Question

This is an odd one.

I'm using Amazon S3 for storage of files in my Silverlight 4 application. Because of the file restrictions associated with the REST API and S3 (files have to be < 1mb for REST), I'm trying to get the SOAP calls to work.

I followed the tutorial written by Tim here http://timheuer.com/blog/archive/2008/07/05/access-amazon-s3-services-with-silverlight-2.aspx

minus the parts about CNAME's since he updated and said it was bad to do that for security, but kept having issues connecting till it just magically started working this morning and I was able to get a list of all my buckets! So I thought it was fixed, until a few minutes ago when I restarted Chrome and then tried the application again, and it no longer connected to the SOAP endpoint and VS gave me the cross-domain error.

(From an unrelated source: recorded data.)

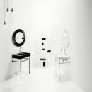Det unikke skjulte afløb bidrager til det enkle look. Vasken kan monteres på væggen eller kombineres med et underskab fra Kartell Laufen-serien.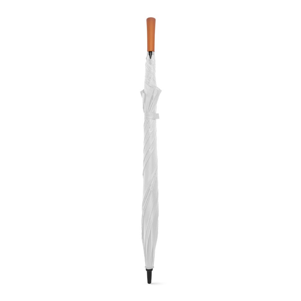 Guarda-chuva de grande portaria em poliéster pongee 190T, com varetas e haste em fibra de vidro e pega em madeira. ø1375 x 855 mm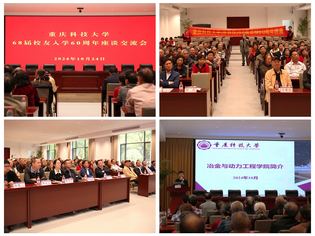 上午10时,校友交流座谈会在教学主楼B117会议室召开,副校长周雄、重庆工业高等专科学校副校长方继中、原重庆科技学院副校长朱新才、原重庆科技学院副校长雷亚,67、68、69届校友代表102人,以及学校校友会秘书长、冶金与动力工程学院班子成员和教师代表等共计120余人参加了会议。会议由校友会秘书长邱正阳主持。

However, I thought about all the stuff I had done earlier to get it working, and the only thing I could think of was that I had a tab open with the clientaccesspolicy.xml file open via bucket.s3.amazonaws.com/clientaccesspolicy.xml. So I tried opening it up again in a new tab, opened my application in another, and then the SOAP calls started working! It only works when the file is open in a tab!!! I've tried it in Firefox and IE as well, same thing!

I have Fiddler, and it doesn't seem to actually ever make a call to the clientaccesspolicy.xml, unless it's hidden inside one of the SSL calls which then there's no way to tell, but there's no straight out calls to .s3.amazonaws.com/clientaccesspolicy.xml going through Fiddler like some other questions on here said there would be.

Would really appreciate some help here guys, thanks.

Edit: Since someone will probably ask for it, this is the clientaccesspolicy.xml file I'm currently using. I know it's not the most secure, just trying to get this to work before I take the wildcards out

<access-policy>
    <cross-domain-access>
       <policy>
         <allow-from http-methods="*" http-request-headers="*">
            <domain uri="http://*"/>
            <domain uri="https://*"/>
         </allow-from>
         <grant-to>
            <resource path="/" include-subpaths="true"/>
         </grant-to>
        </policy>
    </cross-domain-access>
 </access-policy>

Edit 2: This appears to be an issue HTTPS. If I force my endpoint to be http, instead of the https required by Amazon, Fiddle does show SL accessing the clientaccesspolicy.xml file.

Était-ce utile?

La solution 2

So I figured it out.

The first problem, about why it would work if I opened it, was not because of a cookie being set (per say), but that accessing it that way over https made me accept the SSL security policy for amazon.

The second problem, I shouldn't have had to accept it. The SSL wildcard amazon uses, *.s3.amazonaws.com, doesn't match buckets that contain periods in them. So as I was following Tim's tutorial I made all my buckets like this

bucketname.domain.com

and when I tried to access it that way through SOAP (and subsequently https), it wasn't working because the wildcard wasn't being matched. Changed all my buckets to contain no buckets, and it worked.

Should also note that Tim's tutorial no longer works as he's using http and in June of this year Amazon forced SOAP calls over https, so http calls no longer work.

Autres conseils

When you open the clientaccesspolicy.xml file in another tab I'm guessing you are passing some credentials which allows you to access it. This sets a cookie which Silverlight can then use to access the clientaccesspolicy.xml file as well. When you close the browser you lose the cookie and thus the access to the file.